How to complete this task:
Set out exactly every line of the entries below, starting at the line that holds "Чтобы получить API" and stopping after the line that holds "925 Sterling Silver".

Data provided:
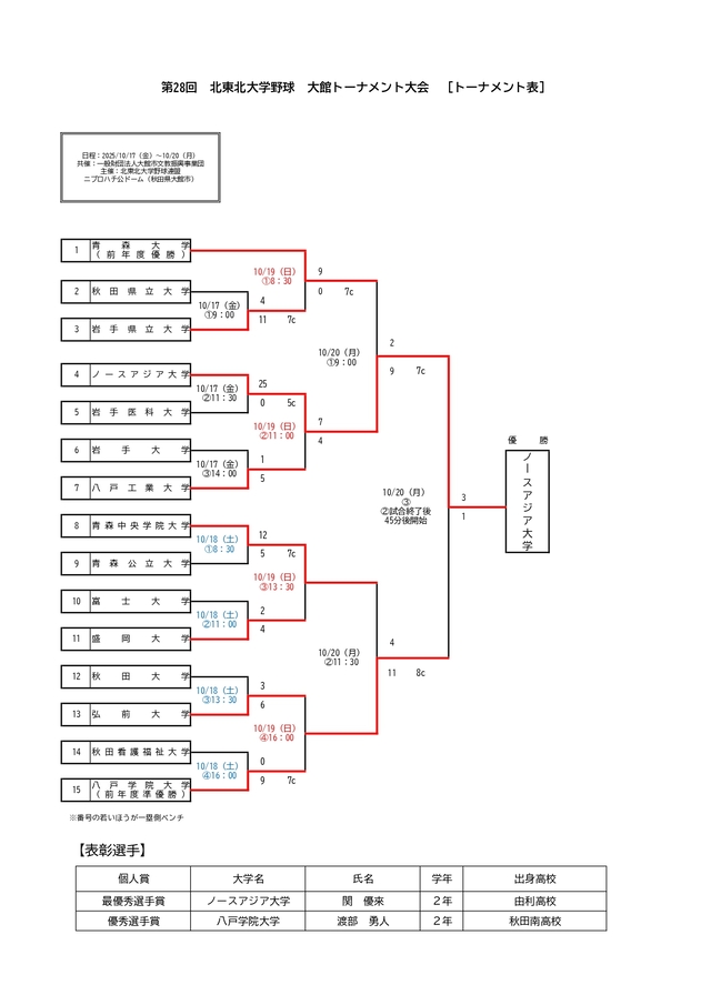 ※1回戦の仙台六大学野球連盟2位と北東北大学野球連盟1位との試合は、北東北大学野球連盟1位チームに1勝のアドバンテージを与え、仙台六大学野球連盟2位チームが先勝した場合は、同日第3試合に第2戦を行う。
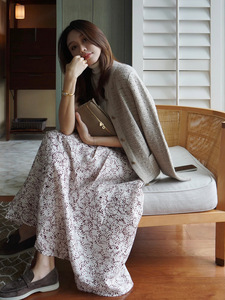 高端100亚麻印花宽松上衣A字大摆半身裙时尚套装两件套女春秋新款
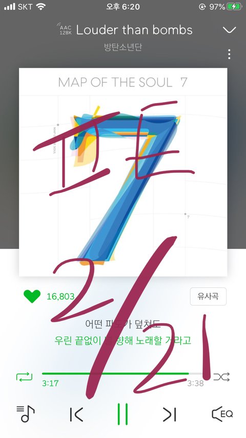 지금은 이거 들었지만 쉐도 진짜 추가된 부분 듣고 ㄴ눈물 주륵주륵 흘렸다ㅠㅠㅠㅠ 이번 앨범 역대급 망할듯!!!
...
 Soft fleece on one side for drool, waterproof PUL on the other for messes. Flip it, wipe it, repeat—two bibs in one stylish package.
...
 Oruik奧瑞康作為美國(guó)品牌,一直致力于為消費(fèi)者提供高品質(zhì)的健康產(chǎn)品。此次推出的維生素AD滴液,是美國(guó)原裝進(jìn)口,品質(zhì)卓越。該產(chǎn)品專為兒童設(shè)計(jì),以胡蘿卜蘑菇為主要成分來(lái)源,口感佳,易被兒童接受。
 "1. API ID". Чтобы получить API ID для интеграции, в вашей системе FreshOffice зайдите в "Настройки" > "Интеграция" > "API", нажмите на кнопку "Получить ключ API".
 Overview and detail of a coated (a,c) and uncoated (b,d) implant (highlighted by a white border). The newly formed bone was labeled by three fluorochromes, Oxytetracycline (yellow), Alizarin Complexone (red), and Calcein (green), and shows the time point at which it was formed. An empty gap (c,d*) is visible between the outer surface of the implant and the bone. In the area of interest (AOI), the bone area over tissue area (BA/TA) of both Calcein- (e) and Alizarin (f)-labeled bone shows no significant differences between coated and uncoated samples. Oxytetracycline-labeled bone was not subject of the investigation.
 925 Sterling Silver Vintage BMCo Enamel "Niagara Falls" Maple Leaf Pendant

Worked solution:
 "1. API ID". Чтобы получить API ID для интеграции, в вашей системе FreshOffice зайдите в "Настройки" > "Интеграция" > "API", нажмите на кнопку "Получить ключ API".
 Overview and detail of a coated (a,c) and uncoated (b,d) implant (highlighted by a white border). The newly formed bone was labeled by three fluorochromes, Oxytetracycline (yellow), Alizarin Complexone (red), and Calcein (green), and shows the time point at which it was formed. An empty gap (c,d*) is visible between the outer surface of the implant and the bone. In the area of interest (AOI), the bone area over tissue area (BA/TA) of both Calcein- (e) and Alizarin (f)-labeled bone shows no significant differences between coated and uncoated samples. Oxytetracycline-labeled bone was not subject of the investigation.
 925 Sterling Silver Vintage BMCo Enamel "Niagara Falls" Maple Leaf Pendant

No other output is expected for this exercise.